Deflation has returned to Europe and that can only mean one thing: More official action to boost the economy.
Consumer prices fell by 0.2% in February, pulled down by the plunging cost of energy. That’s the first time inflation has turned negative since September last year.
Equally troubling the European Central Bank and its president Mario Draghi will be the drop in “core inflation” to 0.7% from 1% in January. That measure strips out energy prices, which tend to bounce around month to month.
Economists believe Draghi will fire another bazooka at financial markets when the bank next meets on March 10.
“Pressure is mounting on the ECB to deliver a major package of measures,” said IHS chief economist Howard Archer.
When the central bank last discussed interest rates in January, Draghi made clear the ECB would pump out more money in March if necessary. He cited a deteriorating outlook for the economy due to uncertainty about global growth, volatile markets and geopolitical risks.
Since then, Japan has introduced negative interest rates to boost an economy that is now shrinking again, and China has told its banks they’re free to lend more cash in the hope of supporting growth.
Closer to home, the refugee crisis is slowly undoing decades of European integration, and Britain is gearing up for a vote on whether to leave the EU — a decision the G20 said Saturday would “shock” the global economy.
Here’s what Draghi could announce on March 10, and one weapon he’s likely to keep in reserve:
1. Buy more government bonds
The ECB began buying government bonds and other assets at a rate of 60 billion euros ($65 billion) a month in March 2015. It is likely to buy even more in the future. The rate could rise to between 70 billion and 90 billion euros a month, according to economists.
It may also buy bonds for longer than planned.
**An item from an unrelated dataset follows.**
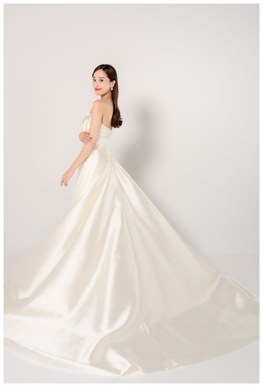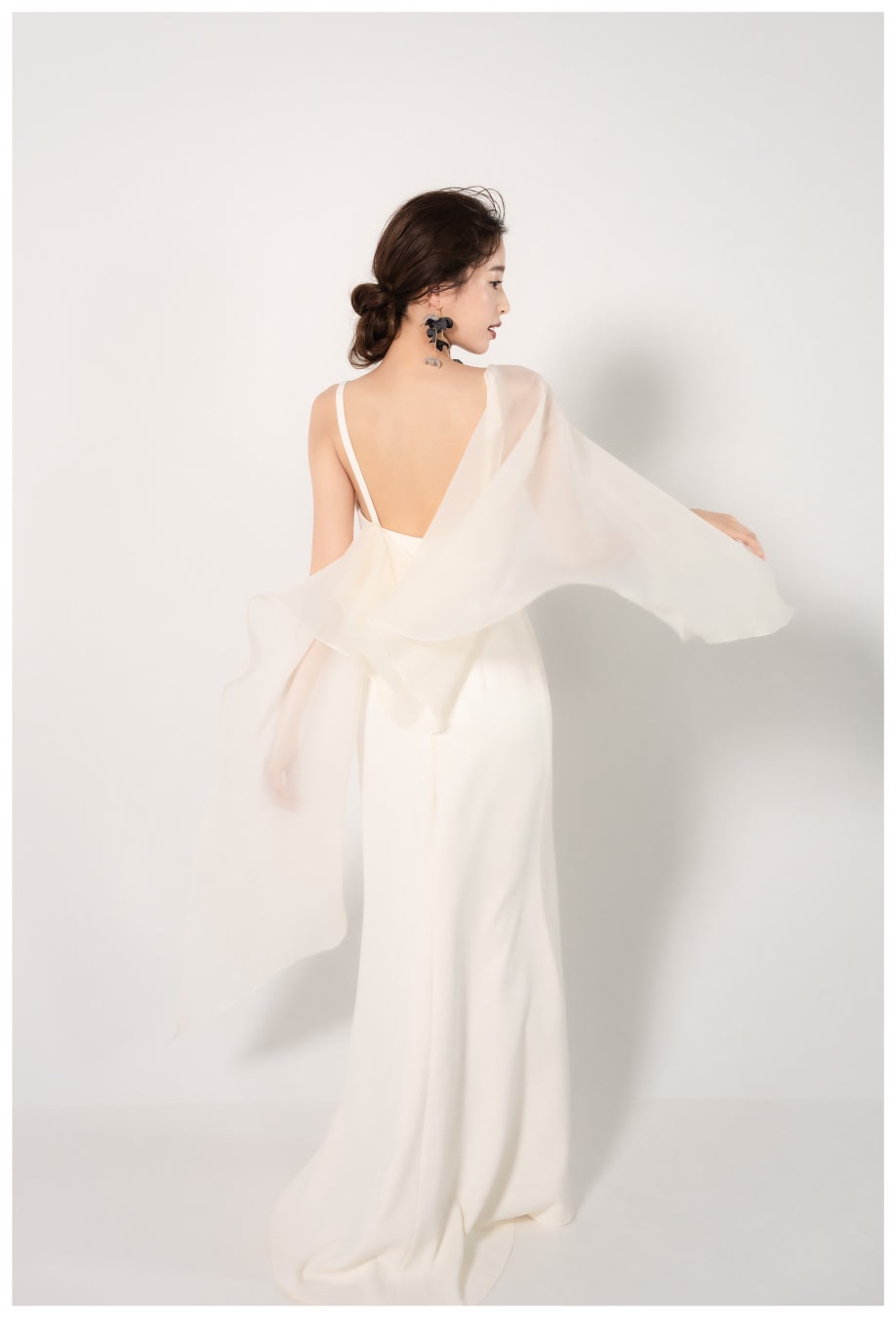 とろみのある軽やかなシルク素材のシンプルなドレス。風になびくオーガンジーをまとうことで、天女を思わせる神秘的な花嫁姿が叶います。

The current program is due to run at least until March 2017 — Draghi could extend the minimum duration by six months.
Central bank asset purchases, often known as quantitative easing, in theory encourage investors to pump more money into the economy by reducing the returns they can make on government debt.
2. Cut interest rates again
Interest rates for the 19 eurozone countries are already at record lows, and they seem certain to go even lower.
The rate paid on cash that banks deposit with the ECB could be cut to minus 0.40% or even minus 0.50% from its current level of minus 0.30%. Negative rates are a way of penalizing banks for not lending to firms and households.
But they’re already hurting bank earnings. So the ECB may try to limit the pain by introducing a tiered rate that reduces the penalty on normal deposits, while introducing more negative rates for truly “excess” deposits.
3. Buy corporate bonds
The ECB could extend quantitative easing to include bonds issued by companies and banks. That would be an effective way of pumping more money into the economy but would likely be hugely controversial, particularly in Germany where the existing asset purchase program has already been challenged.
“We see this as a measure the ECB would take in a deep crisis, but not in the modest market turmoil now,” said Berenberg chief economist Holger Schmieding.